The vintage steam train, known as Pride of Africa, travels from Cape Town to Dar es Salaam and back in its twice-a year 15-day journeys. The round trip costs from $12,450-$21,550.
The first trip was in July 1993.
Last month, the train brought 65 tourists who arrived in the Tanzanian commercial capital.

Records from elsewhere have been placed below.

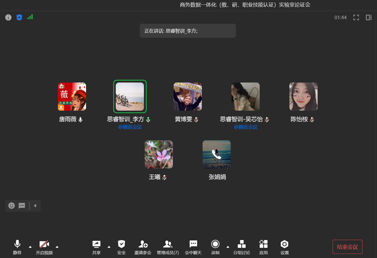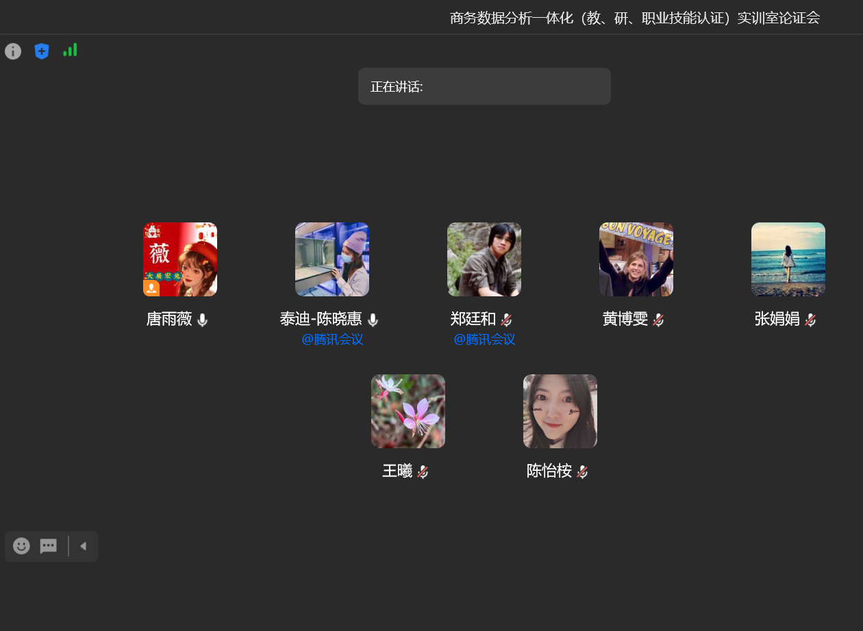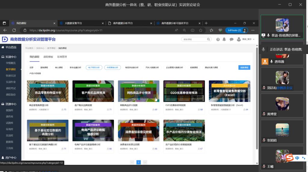 2023年6月27日下午,信息学院商务数据分析与应用专业邀请到了浙江思睿智训科技有限公司、广东泰迪智能科技股份有限公司2家企业展开了一场以“商务数据分析一体化实训室建设”为主题的线上论证会。商务数据分析与应用专业教研室主任唐雨薇、实训教研室主任张娟娟、计算机基础教研室主任王曦、商务数据分析专业专任教师陈怡桉、黄博雯参与了会议。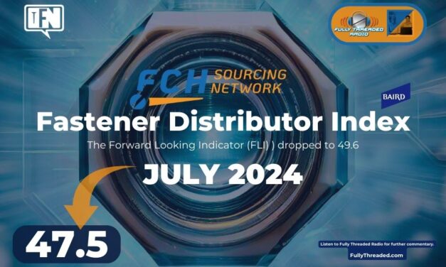 The Fastener Distributor Index (FDI) survey for July, 2024 dropped below 50, with a 47.5 reading versus 52.1 in June, seasonally adjusted. The Forward Looking Indicator (FLI) also dropped, sinking to 49.6. Key Points: FDI below 50 for first time since January. The July seasonally adjusted FDI declined to a reading of 47.5 compared to 52.1 in … Continue reading Fastener Distributor Index (FDI ) JULY 2024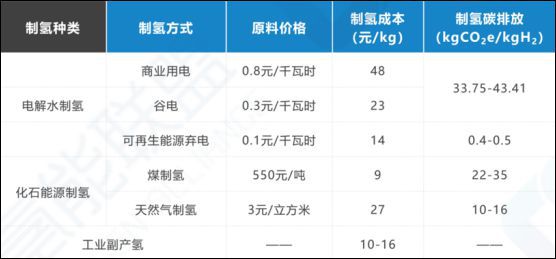 不同制法氢的成本以及产生的碳排放 数据来源:中国氢能联盟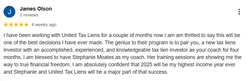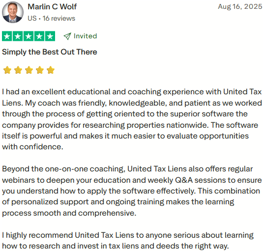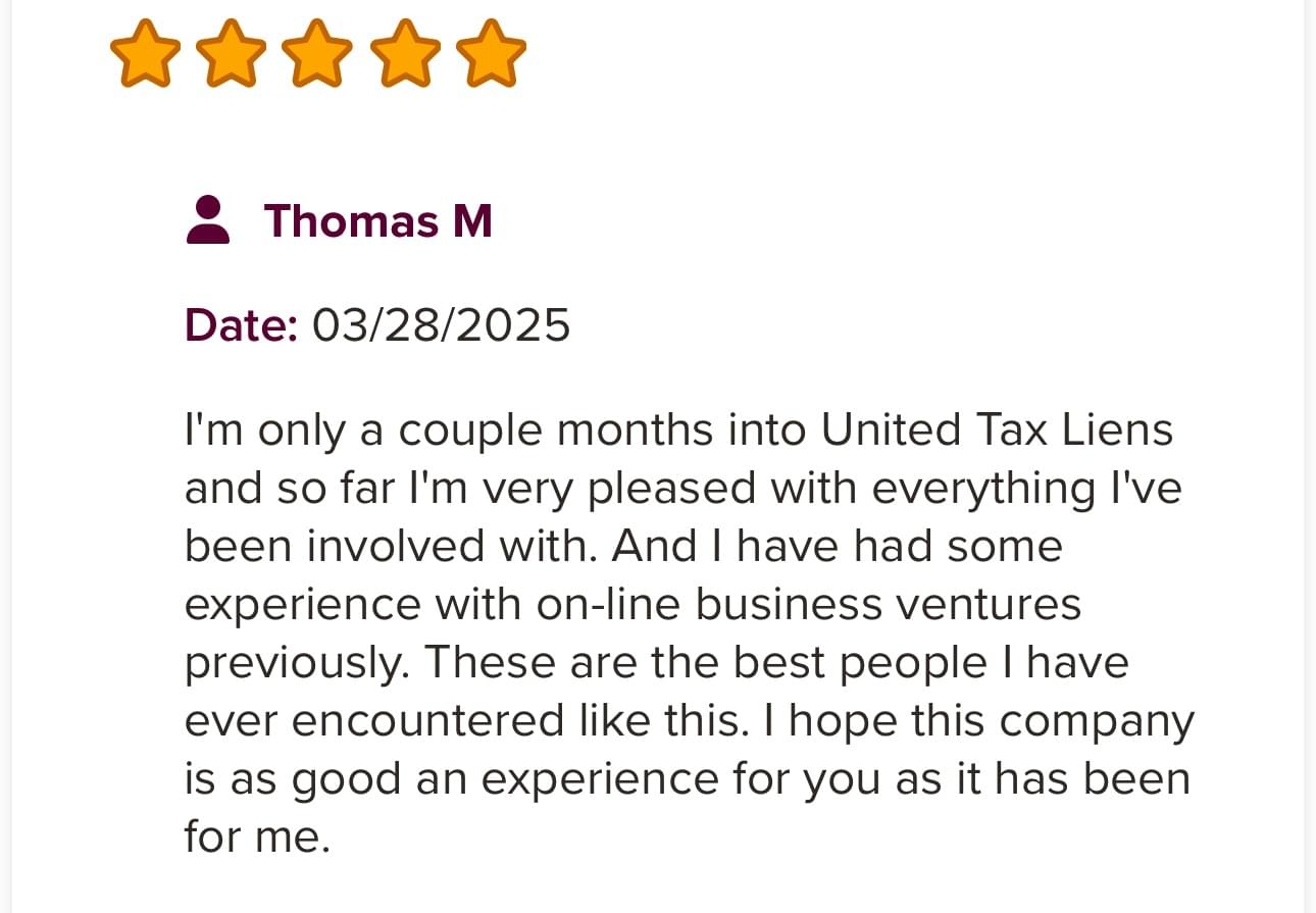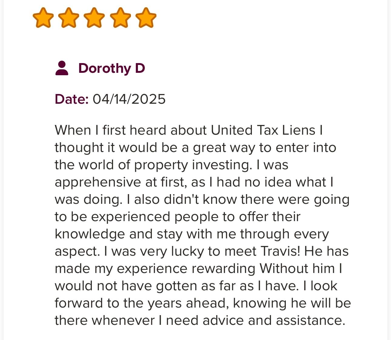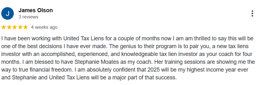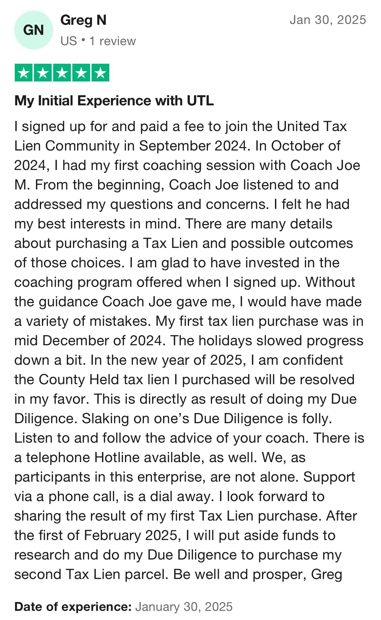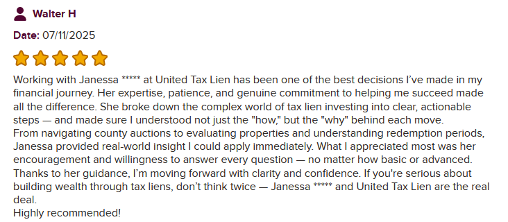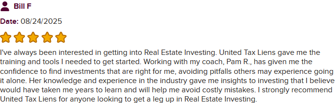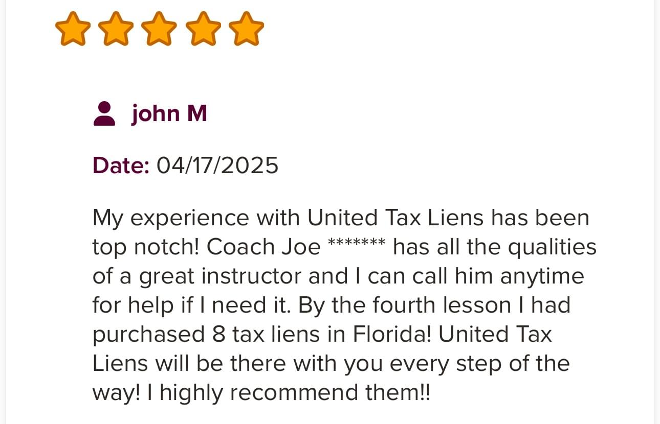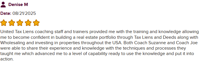 United Tax Liens is a direct-to-consumer real estate education and training company. We do not sell a business opportunity, “get rich quick” program or money-making system. We believe, with education, individuals can be better prepared to make investment decisions, but we do not guarantee success in investing. We do not make earnings claims, efforts claims, return on investment claims, or claims that our training will make you any money. Statements and depictions are the opinions, findings, or experiences of individuals who generally have purchased education and training. Results vary, are not typical, and rely on individual effort, time, and skill, as well as market conditions and other factors. We do not measure earnings or financial performance. Instead, we track completed transactions and satisfaction of services by voluntary surveys. Results show that most Advanced Training customers who apply the training and make offers ultimately complete transactions. You should not, however, equate completed transactions with financially successful transactions. Further, many customers do not continue with the program, do not apply what they learn, or do attempt to apply what they learn but nonetheless have difficulty in making real estate successful for them. You should assume that most customers do not complete transactions. The Company may link to content or refer to content and/or services created by or provided by third parties that are not affiliated with the Company. The Company is not responsible for such content and does not endorse or approve it. The Company may provide services by or refer you to third-party businesses. Some of these businesses have common interest and ownership with the Company. Third-party company names, logos, and products are trademarks or registered trademarks of their respective holders. I understand that by submitting this application, I am also authorizing United Tax Liens and its partners to obtain my personal credit profile through a soft inquiry under the FCRA solely to conduct a credit pre-qualification.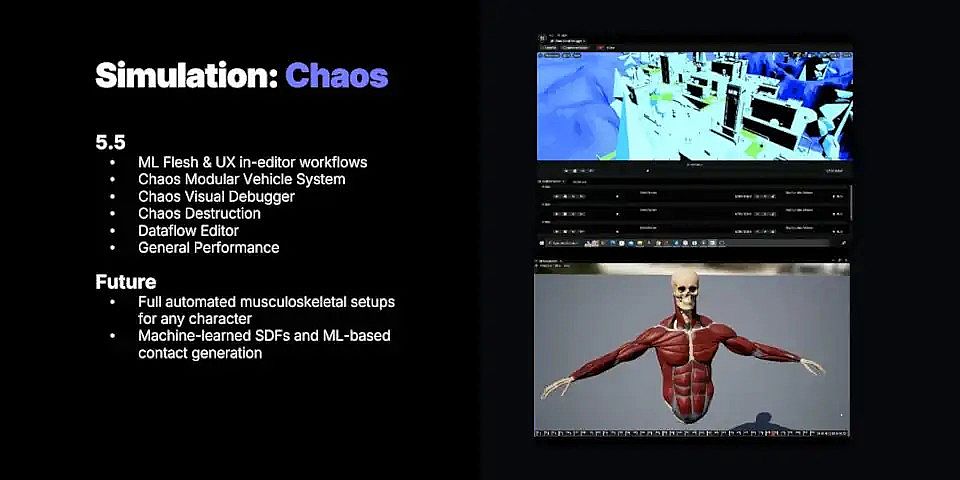 在Unreal Engine的Chaos Physics工具集中(包括軟體系統Chaos Flesh),Epic計劃“在[Unreal]編輯器內完全自動化肌肉骨骼模擬”。幻燈片中還提到新的機器學習功能,繼Unreal Engine 5.2中引入的ML Deformer之后,包括機器學習SDF和接觸生成。

The luxury train covers about 6,500 kilometres, snaking through various tourist attraction sites like the Kruger National Park and the historic village of Matjiesfontein, the diamond town of Kimberley and the capital city of Pretoria for short tours followed by two nights in the Madikwe Game Reservein South Africa, through Botswana to the Victoria Falls in Zimbabwe, over the Limpopo and Zambezi rivers, and ends up at the Tazara station in Dar es Salaam.
The train uses the Tanzania and Zambia Railway line (Tazara) descending into the Great Rift Valley, negotiating the tunnels, switchbacks, and viaducts of the spectacular escarpment southern highlands of Tanzania, including the picturesque Kipengere and Livingstone ranges, Kitulo National Park, Mlimba escarpment, Selous Game Reserve, and other sites.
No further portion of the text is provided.